Every Christmas growing up we went to Nanny and Pappaw's house on a sprawling 135 acre beef cattle farm, in what seemed like the "middle of nowhere" Kentucky. Despite Frankfort being the capitol city, this Seattle girl was far from her childhood suburb, but felt right at home in the open spaces and southern drawls. My sister and I shared one half of the upstairs, in two twin beds that Nanny had to buy once she found out we did less sleeping and more fighting in that full size bed. We'd lay in bed and fall asleep to the sounds of trucks along the highway, the only indication that a more bustling world was not far away. We would wake up to the smell of Nanny's biscuits, bacon, and sausage, and come down the stairs to find her dressed in that same blue "housecoat," with matching "houseshoes" shuffling along the wooden kitchen floors. She'd smile and say, "how's my girl? Sleep good?" and I'd be embraced with a hug and the warmth of the kitchen stove. The day would be spent exploring the pastures, jumping through hay bales, and maybe a horse ride or a trip into town. The smell of the cows is not hard for my brain to recall but the adventures along the creek that run through those fields, seems more vivid and breathing with life. Each evening spent in the den, watching TV and visiting, sitting with family and settling in.

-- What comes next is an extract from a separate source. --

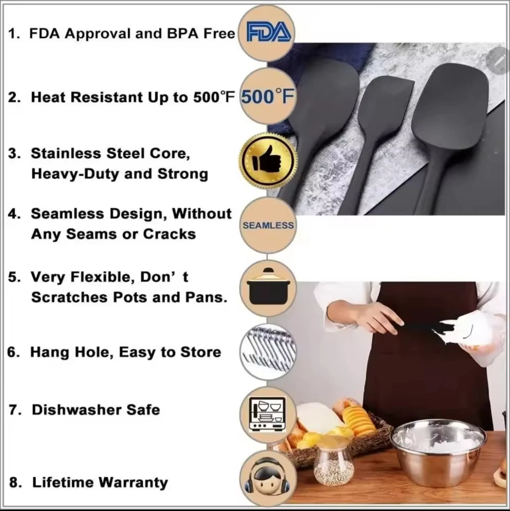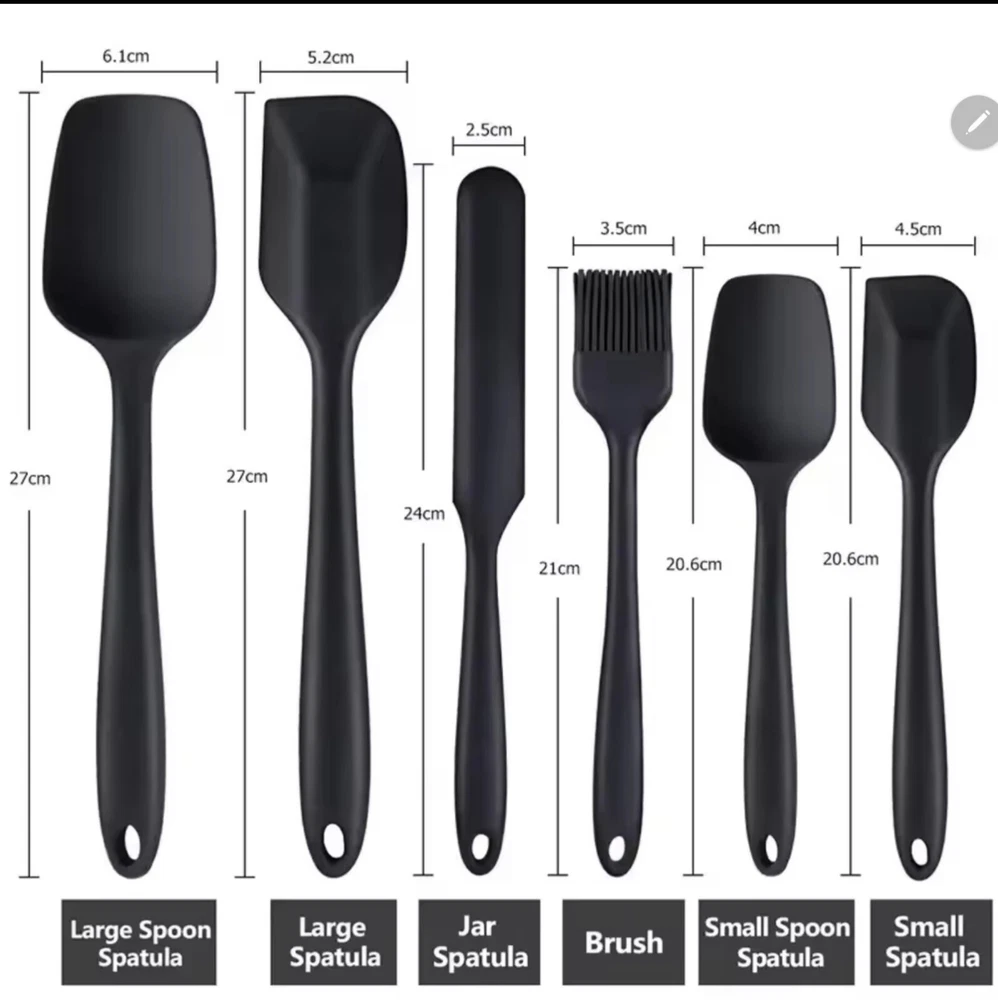 This is a set of 6 black silicone spatulas designed for cooking in the kitchen. The spatulas are heat-resistant and non-stick, making them ideal for a variety of cooking tasks. The handle material is plastic, providing a comfortable grip during use. These spatulas are a versatile and essential addition to any kitchen for cooking and baking needs.

Imagining that farm and that house was all it took for me to feel embraced and comforted last night. There is a reason God told the Israelites to remember His faithfulness with great repetition. He knew it would be hard for them to remember when the desert grew hot and nourishment was hard to find. He knew they would begin to question His goodness as they wandered to the land of the living. Somehow I imagine some of them needed a bit of comforting as they wandered, feeling lost, and uncertain that God's promises would become reality. In my own seasons of desert, I too forget that God's faithfulness is real and I do need His comforting and encouragement to keep putting one foot in front of the other.

Gratefully, His mercies are new every morning and even if I cannot see His faithfulness or provision for me in the future or even in my present, I can see His goodness in my past and be comforted by memories in the past. Perhaps of the farm or grandparents who walk so closely with Jesus you feel a little more connected with Him after time with them. Nanny always said, "God is good, this I know for sure". Her words are spoken with tremendous life experience as she has seen her fair share of deserts and hard places. Her faith has seemingly not wavered but reminds me to let go and trust a God that comforts and provides.

2 Corinthians 1:2-7

2 May God our Father and the Lord Jesus Christ give you grace and peace. 3 All praise to God, the Father of our Lord Jesus Christ. God is our merciful Father and the source of all comfort. 4 He comforts us in all our troubles so that we can comfort others. When they are troubled, we will be able to give them the same comfort God has given us. 5 For the more we suffer for Christ, the more God will shower us with his comfort through Christ. 6 Even when we are weighed down with troubles, it is for your comfort and salvation! For when we ourselves are comforted, we will certainly comfort you. Then you can patiently endure the same things we suffer. 7 We are confident that as you share in our sufferings, you will also share in the comfort God gives us.